Commercial Litigation and Arbitration

On-the-Record Statement by Party Declaring in Court That He/She Will Not Bring Civil Action Does Not Judicially Estop Party from Doing So Later

Furey v. Wolfe, 2011 U.S. Dist. LEXIS 148360 (E.D. Pa. Dec. 27, 2011):

This suit arises from the plaintiff's arrest on April 5, 2008. The plaintiff alleges that Police Officer Travis Wolfe, Police Commissioner Charles Ramsey, and the City of Philadelphia Police Department engaged in violations of his constitution rights, assault, and battery. The defendants filed this motion for summary judgment seeking to enforce the plaintiff's statements on November 24, 2008 that in exchange for participation in an Accelerated Rehabilitative Disposition ("ARD") Program, he would not bring any civil suit against Wolfe or the City. ***

C. Judicial Estoppel

The defendants also argue that this Court should decide an issue of first impression, that the plaintiff and his counsel should be estopped from pursuing a civil lawsuit after telling a court that he would not do so.

"Under the doctrine of judicial estoppel, a court can defend the integrity of the judicial process by barring a party from taking contradictory positions during the course of litigation." G-I Holdings, Inc. v. Reliance Insur. Co., 586 F.3d 247, 261 (3d Cir. 2009). Although "there is no rigid test for judicial estoppel, three factors inform a federal court's decision whether to apply it: there must be (1) irreconcilably inconsistent positions; (2) adopted in bad faith; and (3) a showing that estoppel addresses the harm and no lesser sanction is sufficient." Id. at 262 (internal quotations and alterations omitted). [Note: The bad faith requirement is perhaps unique to the Third Circuit and is not generally applied.]

The plaintiff's, and his counsel's, statements on-the-record on November 24, 2008 that he would not file a civil suit is seemingly irreconcilable with the filing of this civil suit. The other two factors are not met.

On the queston of bad faith, the plaintiff contends that it was his belief on November 24, 2008 that the terms provided by the D.A. were only suggestions and not a final agreement. Given this assertion, and the fact that different conditions were in fact agreed to on June 10, 2009, the Court cannot conclude that the plaintiff's November 24, 2008 statements were made "in bad faith, i.e., with the intent to play fast and loose with the court." Montrose Med. Grp. Participating Savings Plan v. Bulger, 243 F.3d 773, 781 (3d Cir. 2001).

In addition, judicial estoppel is an "extraordinary remedy that should be employed only when a party's inconsistent behavior would otherwise result in a miscarriage of justice." Id. at 785. It should only be imposed when no more narrowly tailored sanction is available.
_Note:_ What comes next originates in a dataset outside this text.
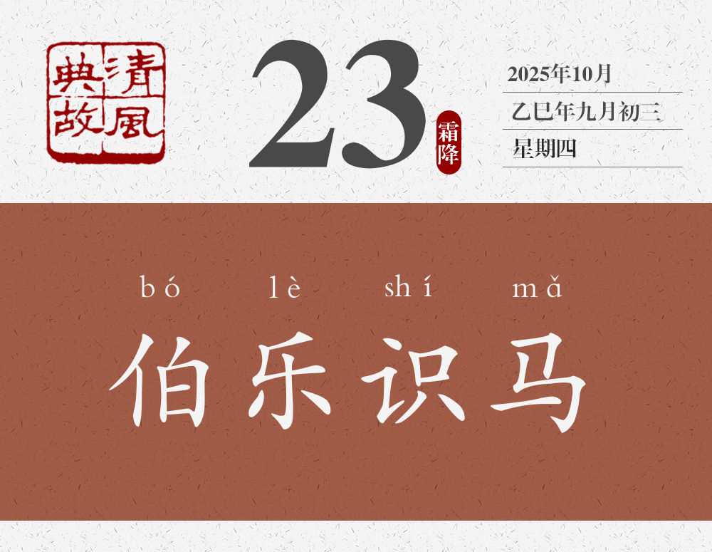 春秋秦穆公時(shí),有一個(gè)著名的相馬師叫孫陽(yáng)。因?yàn)樯裨拏髡f(shuō)中,掌管天馬的神仙叫伯樂(lè),人們?yōu)榱吮硎緦?duì)孫陽(yáng)的敬佩,就稱他為伯樂(lè)。屈原《九章•懷沙》以及《莊子•馬蹄》《列子•說(shuō)符》都曾經(jīng)提到過(guò)伯樂(lè)。《戰(zhàn)國(guó)策•楚策四》里,春申君的舍人汗明,向春申君講了一個(gè)關(guān)于千里馬的故事:“夫驥之齒至矣,服鹽車(chē)而上太行。蹄申膝折,尾湛胕潰,漉汁灑地,白汗交流,中阪遷延,負(fù)轅不能上。伯樂(lè)遭之。下車(chē)攀而哭之,解纻衣以冪之。驥于是俛而噴,仰而鳴,聲達(dá)于天,若出金石聲者,何也?彼見(jiàn)伯樂(lè)之知己也。”

Here, the defendants will have the opportunity to use the plaintiff's November 24, 2008 statements before the jury, should the case go to trial.

The defendants rely on Chaffee v. Kraft Gen. Foods, Inc., 886 F. Supp. 1164 (D.N.J. 1995) to support their argument for judicial estoppel. In that case, a district court refused to allow a plaintiff to pursue wage reimbursement from an employer when he had previously represented to a sentencing court that his sentence should be reduced because he "lost" those wages. In that case, however, the court held that the plaintiff was not entitled to those wages under the unambiguous terms of his employment contract. Id. at 1170-71. No such independent reason for granting summary judgment in favor of the defendant exists here.